**AIM OF THE EXERCISE:**
Within the listing that follows, reproduce exactly the lines starting at the line with "本セミナーでは、どなたでも実" and ending at the line with "2월16일 WTI 2.88달러", inclusive, and only those. Pictures are dropped.

**DATASET EXCERPTS:**

-=-=-

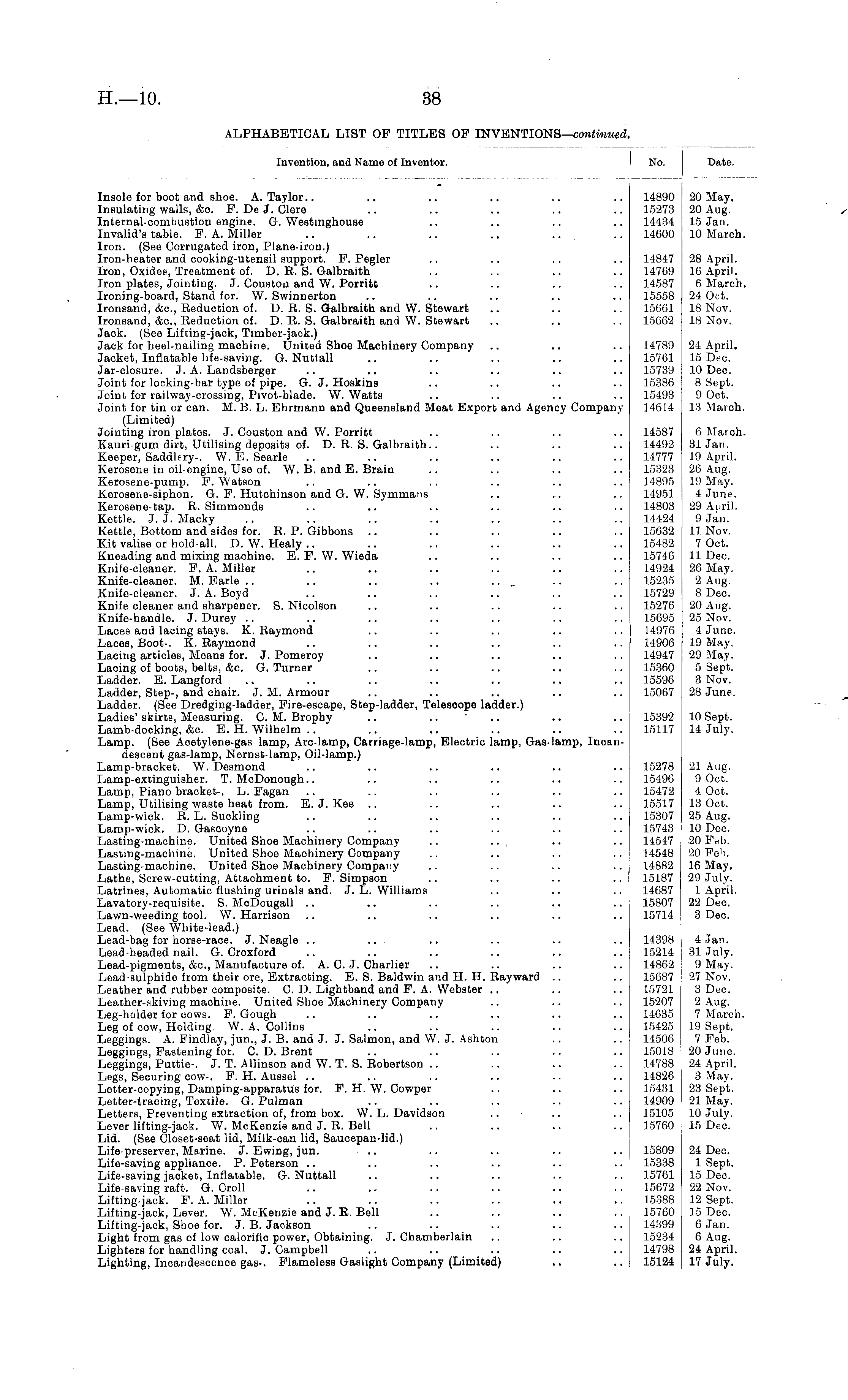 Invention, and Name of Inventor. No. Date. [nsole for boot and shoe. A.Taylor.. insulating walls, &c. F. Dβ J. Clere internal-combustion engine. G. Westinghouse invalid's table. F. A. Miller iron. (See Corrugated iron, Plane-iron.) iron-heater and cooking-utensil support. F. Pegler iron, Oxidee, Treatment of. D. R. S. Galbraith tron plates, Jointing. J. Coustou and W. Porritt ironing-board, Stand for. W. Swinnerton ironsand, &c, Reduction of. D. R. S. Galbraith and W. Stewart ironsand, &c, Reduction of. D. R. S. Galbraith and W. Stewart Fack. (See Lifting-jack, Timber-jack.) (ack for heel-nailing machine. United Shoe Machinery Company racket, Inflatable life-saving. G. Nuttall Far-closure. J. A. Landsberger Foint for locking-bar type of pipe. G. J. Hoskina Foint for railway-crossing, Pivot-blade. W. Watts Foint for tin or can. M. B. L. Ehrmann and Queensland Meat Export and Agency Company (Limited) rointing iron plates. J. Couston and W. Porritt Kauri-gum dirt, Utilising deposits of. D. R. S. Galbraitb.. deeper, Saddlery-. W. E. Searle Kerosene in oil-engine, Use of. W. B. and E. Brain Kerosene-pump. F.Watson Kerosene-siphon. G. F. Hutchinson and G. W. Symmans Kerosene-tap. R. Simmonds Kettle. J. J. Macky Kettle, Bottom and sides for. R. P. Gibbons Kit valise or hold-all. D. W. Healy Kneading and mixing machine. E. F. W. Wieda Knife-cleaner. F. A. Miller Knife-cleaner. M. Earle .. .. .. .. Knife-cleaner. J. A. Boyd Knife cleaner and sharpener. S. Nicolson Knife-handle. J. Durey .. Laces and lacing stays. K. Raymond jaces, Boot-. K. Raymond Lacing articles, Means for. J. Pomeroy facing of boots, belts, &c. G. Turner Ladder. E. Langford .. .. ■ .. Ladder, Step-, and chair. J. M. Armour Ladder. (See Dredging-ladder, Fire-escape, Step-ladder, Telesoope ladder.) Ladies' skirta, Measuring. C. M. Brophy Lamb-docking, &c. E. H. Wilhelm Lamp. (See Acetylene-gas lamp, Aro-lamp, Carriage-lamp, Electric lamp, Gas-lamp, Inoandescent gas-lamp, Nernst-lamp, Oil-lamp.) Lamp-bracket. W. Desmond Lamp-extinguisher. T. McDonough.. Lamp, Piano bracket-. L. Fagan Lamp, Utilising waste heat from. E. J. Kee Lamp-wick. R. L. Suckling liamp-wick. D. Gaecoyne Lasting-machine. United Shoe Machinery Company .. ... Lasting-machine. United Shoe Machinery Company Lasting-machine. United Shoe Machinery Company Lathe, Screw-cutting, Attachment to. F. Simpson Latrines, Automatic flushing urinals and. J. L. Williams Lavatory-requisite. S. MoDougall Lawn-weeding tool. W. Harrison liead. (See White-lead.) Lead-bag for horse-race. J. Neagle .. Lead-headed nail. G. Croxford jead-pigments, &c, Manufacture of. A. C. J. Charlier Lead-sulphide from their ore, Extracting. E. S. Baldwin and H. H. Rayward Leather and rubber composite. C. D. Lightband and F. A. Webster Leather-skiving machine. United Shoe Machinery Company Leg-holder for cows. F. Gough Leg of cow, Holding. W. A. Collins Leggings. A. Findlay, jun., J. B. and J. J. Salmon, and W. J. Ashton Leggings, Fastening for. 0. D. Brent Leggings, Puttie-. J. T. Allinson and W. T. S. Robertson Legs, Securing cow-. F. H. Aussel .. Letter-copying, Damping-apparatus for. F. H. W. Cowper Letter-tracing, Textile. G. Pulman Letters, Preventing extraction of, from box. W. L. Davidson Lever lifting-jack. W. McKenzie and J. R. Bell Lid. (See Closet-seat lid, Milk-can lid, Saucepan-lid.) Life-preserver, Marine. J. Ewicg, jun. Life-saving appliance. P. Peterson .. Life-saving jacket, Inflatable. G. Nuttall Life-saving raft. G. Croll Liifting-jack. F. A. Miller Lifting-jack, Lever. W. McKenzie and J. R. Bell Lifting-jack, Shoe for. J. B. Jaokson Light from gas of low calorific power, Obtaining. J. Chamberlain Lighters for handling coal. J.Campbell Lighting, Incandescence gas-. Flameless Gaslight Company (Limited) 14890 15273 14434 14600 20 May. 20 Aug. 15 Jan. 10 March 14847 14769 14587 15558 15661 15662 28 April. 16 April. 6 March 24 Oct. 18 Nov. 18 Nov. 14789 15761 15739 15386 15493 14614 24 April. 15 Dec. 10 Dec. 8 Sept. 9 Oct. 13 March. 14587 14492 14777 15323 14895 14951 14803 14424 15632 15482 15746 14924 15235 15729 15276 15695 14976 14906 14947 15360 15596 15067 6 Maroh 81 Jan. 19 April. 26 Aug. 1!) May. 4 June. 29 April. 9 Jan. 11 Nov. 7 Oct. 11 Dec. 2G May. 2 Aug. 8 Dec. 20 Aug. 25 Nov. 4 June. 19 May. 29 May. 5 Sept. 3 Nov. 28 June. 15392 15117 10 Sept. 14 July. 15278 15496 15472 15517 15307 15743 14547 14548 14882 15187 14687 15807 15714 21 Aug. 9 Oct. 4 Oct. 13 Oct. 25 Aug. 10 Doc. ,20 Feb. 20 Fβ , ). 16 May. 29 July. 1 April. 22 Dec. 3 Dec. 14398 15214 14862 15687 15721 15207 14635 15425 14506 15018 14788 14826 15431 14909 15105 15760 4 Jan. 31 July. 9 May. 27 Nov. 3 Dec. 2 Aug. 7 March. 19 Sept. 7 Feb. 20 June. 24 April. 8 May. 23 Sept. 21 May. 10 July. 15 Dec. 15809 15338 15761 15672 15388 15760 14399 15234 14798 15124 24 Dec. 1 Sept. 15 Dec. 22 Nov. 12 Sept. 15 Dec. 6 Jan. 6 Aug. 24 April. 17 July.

-=-=-

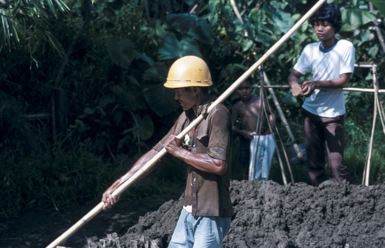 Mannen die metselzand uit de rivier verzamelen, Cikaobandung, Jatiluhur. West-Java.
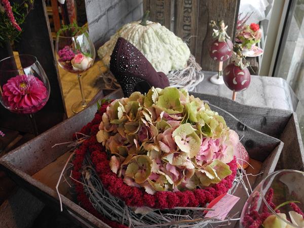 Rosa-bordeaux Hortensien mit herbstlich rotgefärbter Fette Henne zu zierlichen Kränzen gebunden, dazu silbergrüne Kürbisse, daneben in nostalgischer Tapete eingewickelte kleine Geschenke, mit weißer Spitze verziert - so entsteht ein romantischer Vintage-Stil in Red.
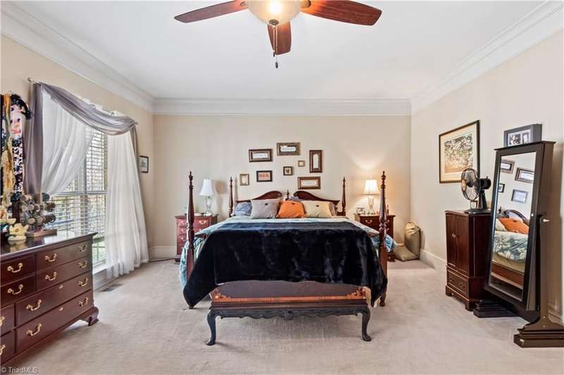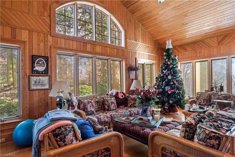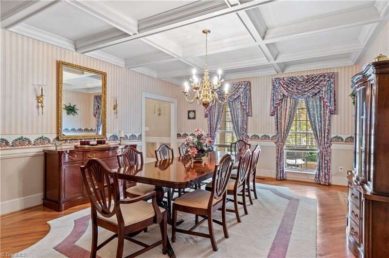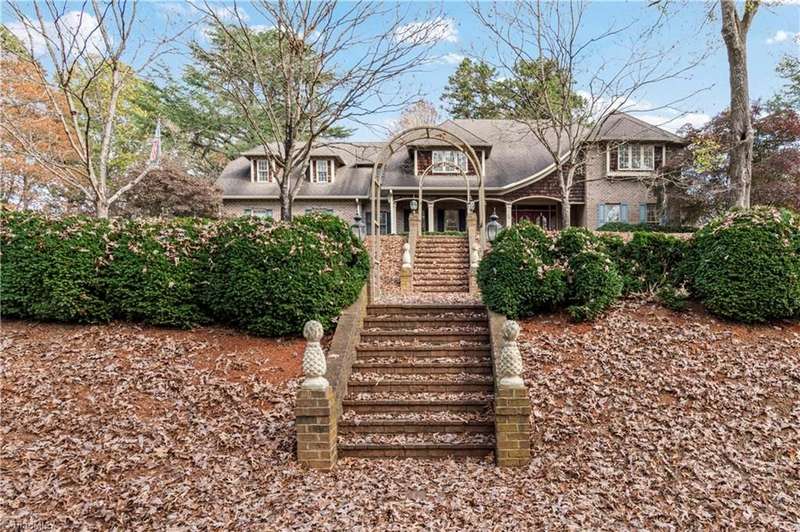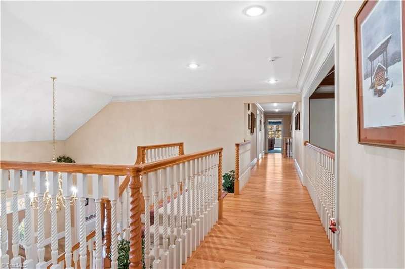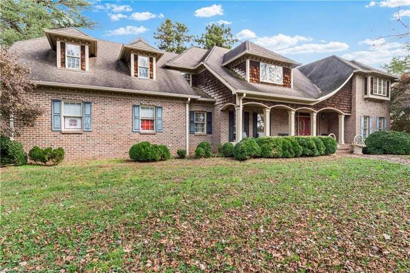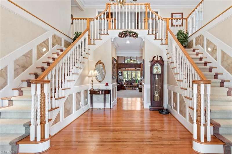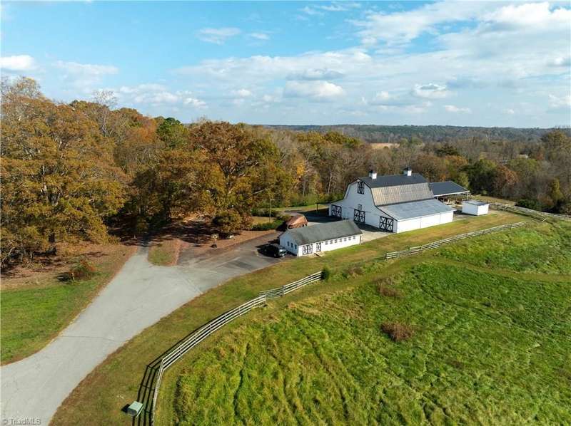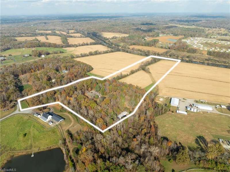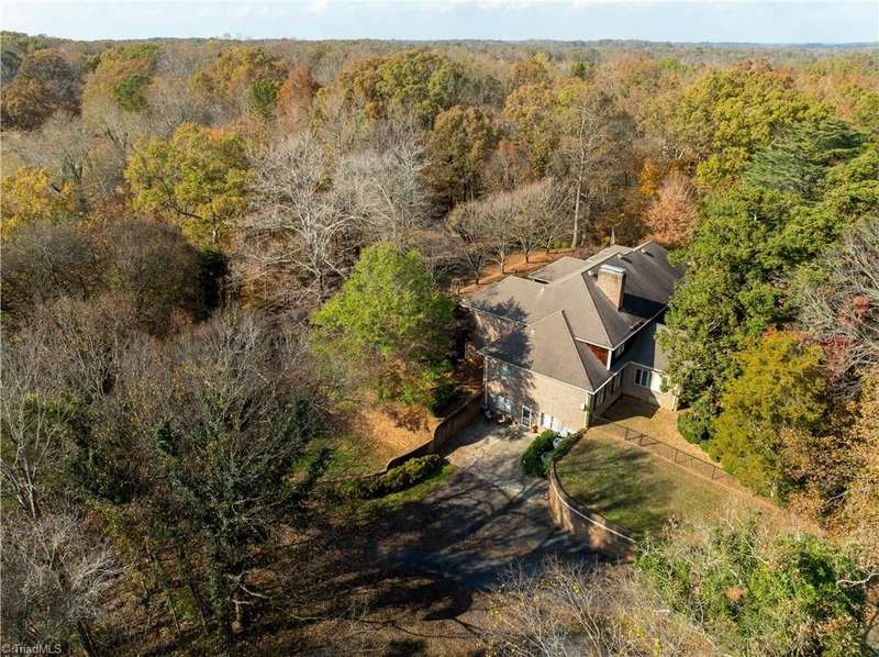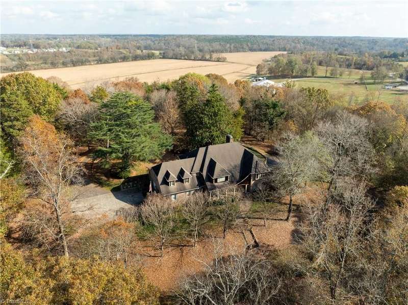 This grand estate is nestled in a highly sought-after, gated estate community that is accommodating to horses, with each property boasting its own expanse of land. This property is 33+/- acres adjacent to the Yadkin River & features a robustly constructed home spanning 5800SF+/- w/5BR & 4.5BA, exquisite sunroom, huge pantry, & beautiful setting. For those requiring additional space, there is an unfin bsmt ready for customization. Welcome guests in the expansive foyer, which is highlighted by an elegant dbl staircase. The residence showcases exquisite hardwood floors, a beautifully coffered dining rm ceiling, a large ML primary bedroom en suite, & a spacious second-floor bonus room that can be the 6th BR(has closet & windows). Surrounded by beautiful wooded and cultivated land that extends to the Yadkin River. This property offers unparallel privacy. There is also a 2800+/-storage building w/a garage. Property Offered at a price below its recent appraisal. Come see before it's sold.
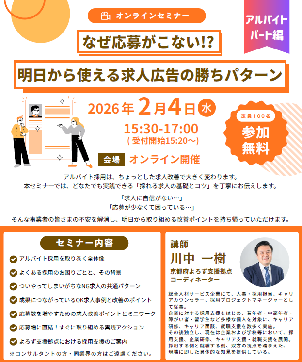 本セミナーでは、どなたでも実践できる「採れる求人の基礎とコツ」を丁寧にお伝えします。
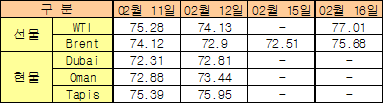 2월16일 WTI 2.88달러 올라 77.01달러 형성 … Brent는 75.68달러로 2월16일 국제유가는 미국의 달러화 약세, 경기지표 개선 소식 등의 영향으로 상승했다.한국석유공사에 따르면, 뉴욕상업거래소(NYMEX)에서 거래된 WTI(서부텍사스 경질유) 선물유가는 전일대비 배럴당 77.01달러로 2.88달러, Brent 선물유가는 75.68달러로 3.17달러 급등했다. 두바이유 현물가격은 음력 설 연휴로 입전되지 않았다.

-=-=-

**RESULT:**
 本セミナーでは、どなたでも実践できる「採れる求人の基礎とコツ」を丁寧にお伝えします。
 2월16일 WTI 2.88달러 올라 77.01달러 형성 … Brent는 75.68달러로 2월16일 국제유가는 미국의 달러화 약세, 경기지표 개선 소식 등의 영향으로 상승했다.한국석유공사에 따르면, 뉴욕상업거래소(NYMEX)에서 거래된 WTI(서부텍사스 경질유) 선물유가는 전일대비 배럴당 77.01달러로 2.88달러, Brent 선물유가는 75.68달러로 3.17달러 급등했다. 두바이유 현물가격은 음력 설 연휴로 입전되지 않았다.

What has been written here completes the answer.